Semantic Tags in NetBox

Although NetBox has a pretty nice data model and a lot of things found in common environments can be modeled pretty well, it sometimes reaches its limits. In such situations you’re faced with multiple options to go forward

  1. Introduce (a number of) custom field(s) to extend the data model
  2. Write a plugin to extend the data model (and logic)
  3. Introduce a (set of) tag(s) to allow users to place bumper stickers on things
  4. File a feature request to add some generic missing feature

In this post we’ll look into options for using Tags to denote characteristics of devices, VMs, interfaces, prefixes, IPs, etc.

Simple labels

Sometimes it’s enough to just label a device, an interfaces, etc. with a static bit of information. Examples would be

  • Enable backup on this device (e.g. tag backup)
  • Enable DHCP on this interface (e.g. tag DHCP)
  • Mark an interface as planned or offline (e.g. tags planned or offline)
  • Denote an interface is of type Wireguard (e.g. tag Wireguard)
  • etc.

For those cases you can create a tag, e.g. planned, and apply it to any interface which is configured in NetBox, should be configured on the device but isn’t connected yet, so that effectively you can push down (parts of) the interface configuration to the device but inhibit alarms for it being offline or IGP adjacencies being down. The same is true for device which need to be backed up, etc.

One way of thinking of these example is as a boolean switch, which is set to true if the tag is applied. This is easy for cases where the “false” value is the default, so only the outliers – meaning “true” values – need to be represented explicitly.

Semantic labels

But what to do when there is a need for a tri-state value, e.g. true, false, unset, with unset being the default?

One example would be a part of an SDN controller which figures out if uRPF should be enabled on a given interface or not. This usually can be done programmatically, but in some situations an explicit override may be required. That’s where – what I would call them – Semantic Labels come in!

This means, that we also put the value we want to assign a given label into the tag. In this case, we create two labels called urpf=on as well as urpf=off (or urpf=enable and urpf=disable as you fancy) and apply these to any interface requiring an explicit override. If no tag is present the code decides about the fate of uRPF.

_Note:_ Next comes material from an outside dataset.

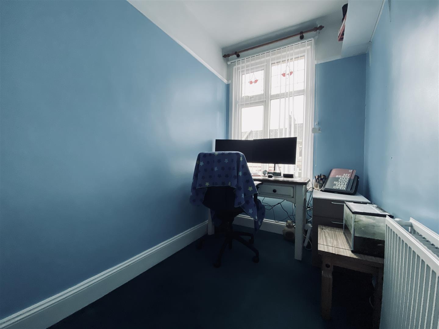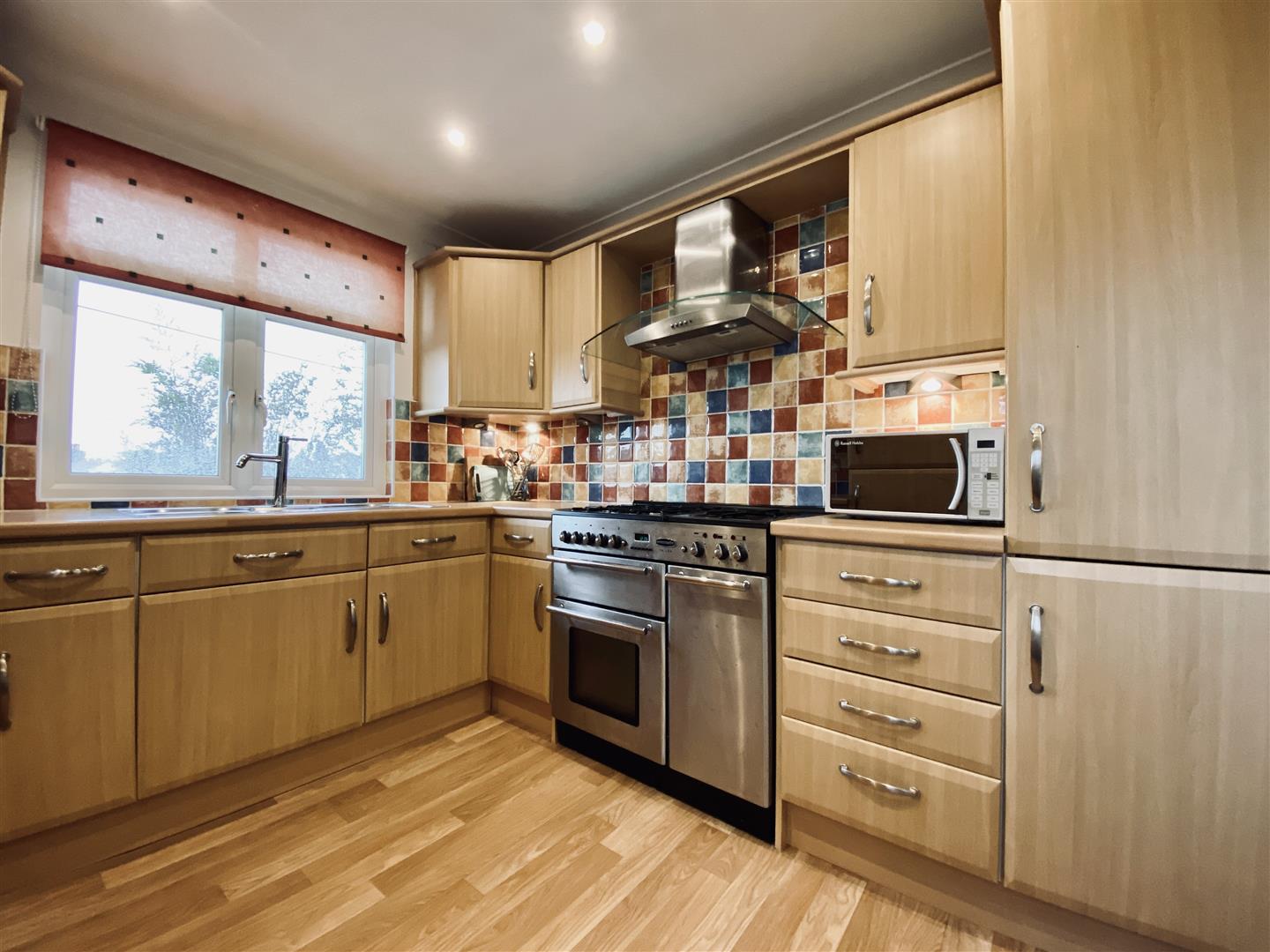 Matching base and wall mounted units with integrated fridge freezer, range cooker and dishwasher ( currently not working ). Roll edge laminate work surfaces have inset one and a half bowl sink unit with a mixer tap and tiled splash-backs. uPVC double glazed window to rear. Ceiling spotlights. uPVC obscured double glazed door opening out to the rear garden.

Why not use custom fields?!

At this point you may be wondering “Why bother? Just create a custom field, you can provide the allowed options and get input validation for free!

The reason is that if you go down this path, you can create a fairly long list of custom fields in the UI (and API) which are likely not set for the majority of you interfaces (in this example). This creates clutter within the UI and is likely to confuse users, especially if you end up with a number of custom fields.

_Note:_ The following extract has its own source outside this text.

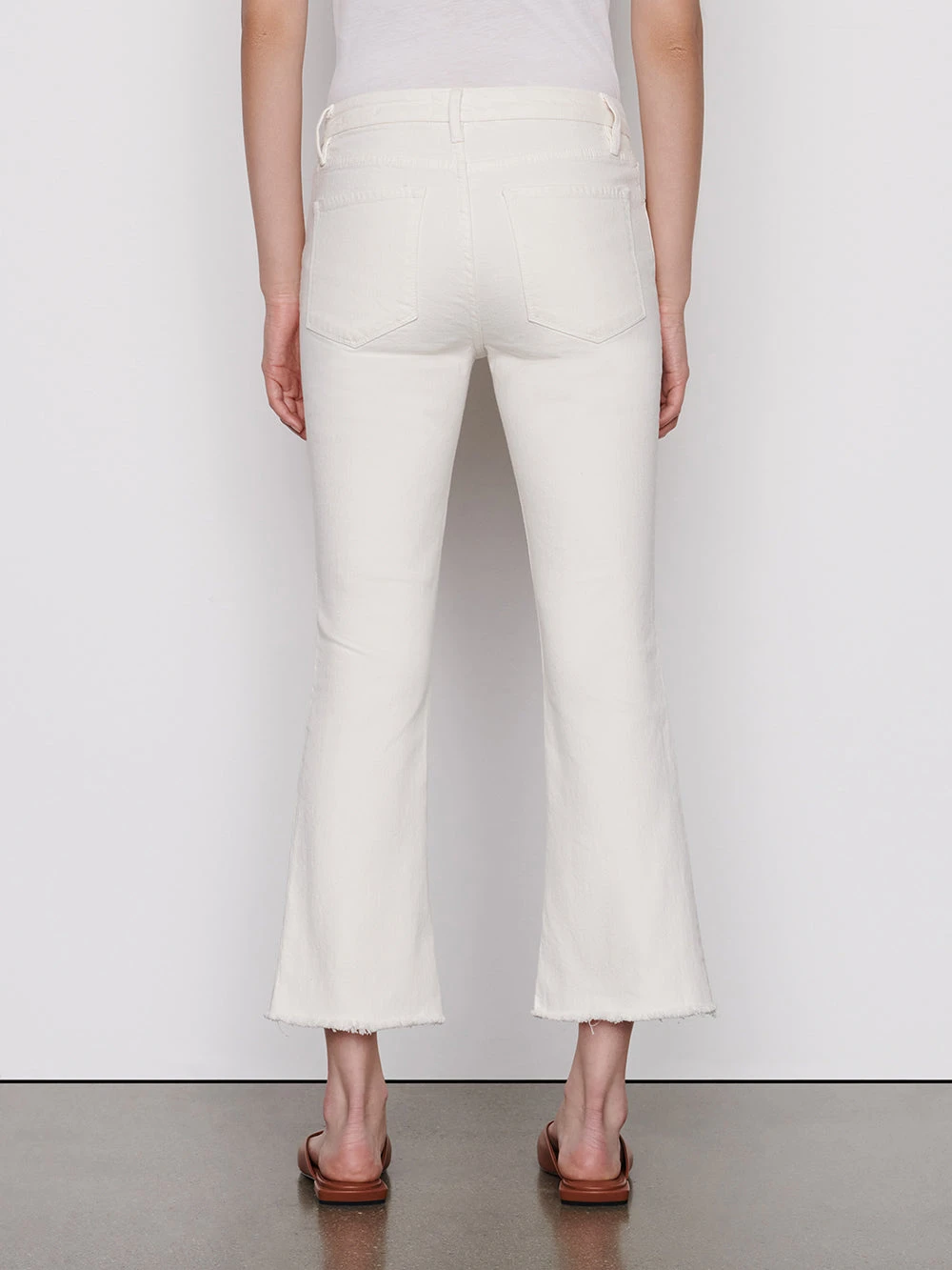 Please note: This is a Sale style. A $12 restocking fee applies for any return that includes Sale styles, deducted from the refund total. A FRAME best-selling fit, this cropped boot-cut jean is part of our Au Natural collection celebrating fabric in its purest form. The denim is made from undyed and unbleached recycled and upcycled cotton, reducing the dyeing process’s impact by eliminating toxic chemicals and reducing energy and water use. The silhouette features a comfortable contour waistband that’s form-fitting at the top and tapers out from the knee with frayed hems as the finishing touch for an undone feel.

My rule of thumb is, that I only create a custom field if it’s relevant for all or a least the majority of entities of a given kind. For example, if you wanted to store the data center tier of all the DC (read: Sites) you are present in, it might make sense to store this information as a custom fields on the Site model, with a predefined list of values (1 – 4).

More examples

In the example above we could also have created two labels, e.g. uRPF enable and uRPF disable and let our automation handle the differentiation – which actually is how the FFHO SDN is built as of today.

For other bits of information, with more possible values, the benefits of the key=value approach can shine, for example if you want to

  • explicitly set the OSPF cost of an interface (e.g. ospf_cost=100)
  • store the maximum capacity of VRFs of a box (e.g. capacity=62 for a box with a Mellanox Spectrum 1 ASIC with a default + mgmt VRF in place)

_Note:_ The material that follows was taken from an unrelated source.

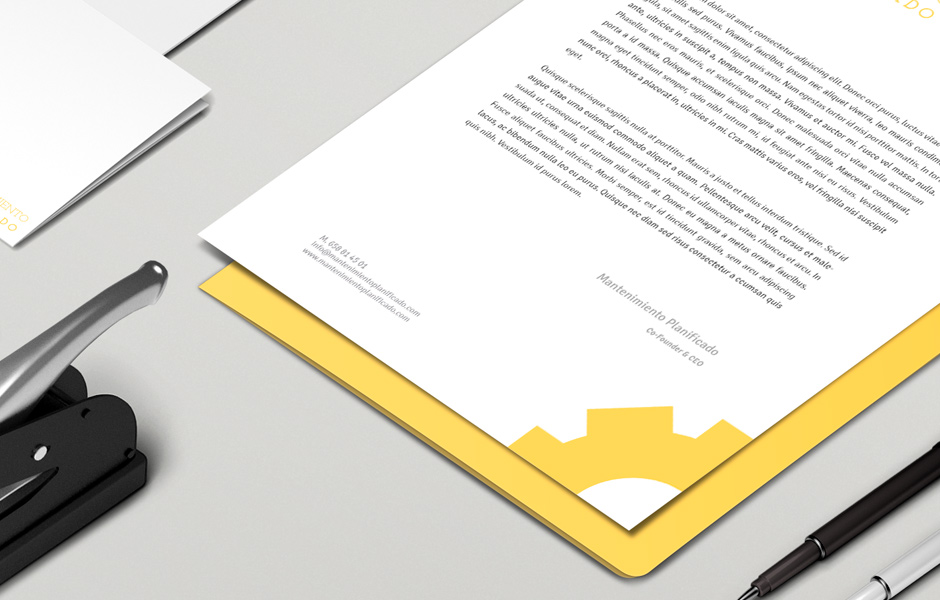 Disseny de la identitat corporativa per a Mantenimiento Planificado. El projecte estableix un sistema visual pensat per transmetre control, previsió i rigor tècnic, en sintonia amb el caràcter operatiu del servei.

Although I now prefer the key=value approach as it’s easy to recognize and parse, you can obviously place values in labels by following any common format you define. For the Freifunk Hochstift Backbone I introduced labels of the format batman_connect_<instance_name> (e.g. batman_connect_pad-cty) enable B.A.T.M.A.N. adv. overlay for a given instance on a tagged interface.

NetBox interface overview with Tags

The next level – prefix lists

Oliver – takt – Geiselhardt-Herms took this to the next level in a previous role and created tags with a hierarchical naming structure for prefixes, following the format prefix-list=key1:key2:key3

The idea is that any prefix with a prefix-list tag with value key1:key2:key3 is added into the prefix lists name

  • key1:key2:key3
  • key1:key2
  • key1

An example structure could be

  • <VRF>:<purpose>:<label>, e.g. INTERNET:CUSTOMER:<customer name here>
  • <purpose>:<region>:<device>, e.g. CUSTOMERS:DE:core01.fra01
  • etc.

This obviously can be extended to more levels if it were to be required.

NetBox scripts – now with clean error handling

Recently I wrote a scripts which aids in provisioning things inside our network, which will do some sanity checks and if all is good set up a number of things (prefixes, IPs, sub-interfaces, IPs on them, etc.). The reason to do this inside a script is to do this in an atomic operation, so either the full provision process is done, or nothing is changed at all.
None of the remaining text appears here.